自信に満ち溢れているようでそうではない部分もある、他にも矛盾に満ち溢れた俺の在り方に惹きつけられたと言いたいのだろう。
当然、容姿の補正ありきではあるだろうが。
……どうしようか。
さっさと振らないといつか堕とされかねないぞ。
だが断るのも……己の優柔不断さが嫌になる。
S級の冒険者を目指すという目標には分け目も振らずに突っ込んできたのに、女関係だけはどうしても弱気になってしまう。
優柔不断さを発揮して、好きでもない女子の告白に対する返事をどうしようか決めかねていた俺に対し、冥はたびたび一喝してくれたわけだが、今回はしてくれないようだ。
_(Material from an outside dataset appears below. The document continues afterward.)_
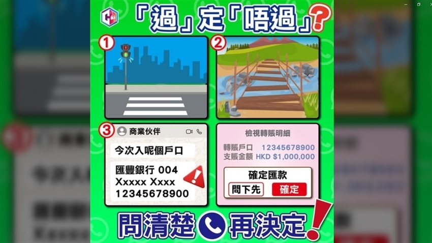 收到任何人透過WhatsApp提出轉賬過數要求,應先致電對方本人核實;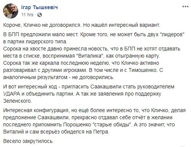 Тем временем в соцсетях уже заволновались, что подобный союз может навредить в равных степенях и Кличко, и Саакашвили.

……そうだな。いつまでも頼ってばかりではいけないな。
堕とされるというのならばそれも良いだろう。
結婚後の生活が大変という話なら、この世界でも珍しいハーレム婚を選んだり、父親となる俺が冒険者な時点で変わらない。
あえて断る意味はない、か。
これからどうするかというのを悩みと楽しみのままに逡巡しながら、先輩とは一度別れることになった。
さて、ダンジョンアタックだ。
初陣はG難度を推奨する……だったか。
冬休みまでにD級を目指さなければならないのだ。
そんな悠長なことは言ってられない。
とは言え猪突猛進だと思われても困るから初陣でE級のダンジョンに潜るのはやめておいたほうがいいだろう。
だから、F級ダンジョン。
その中でも中難度のそれを目標にしよう。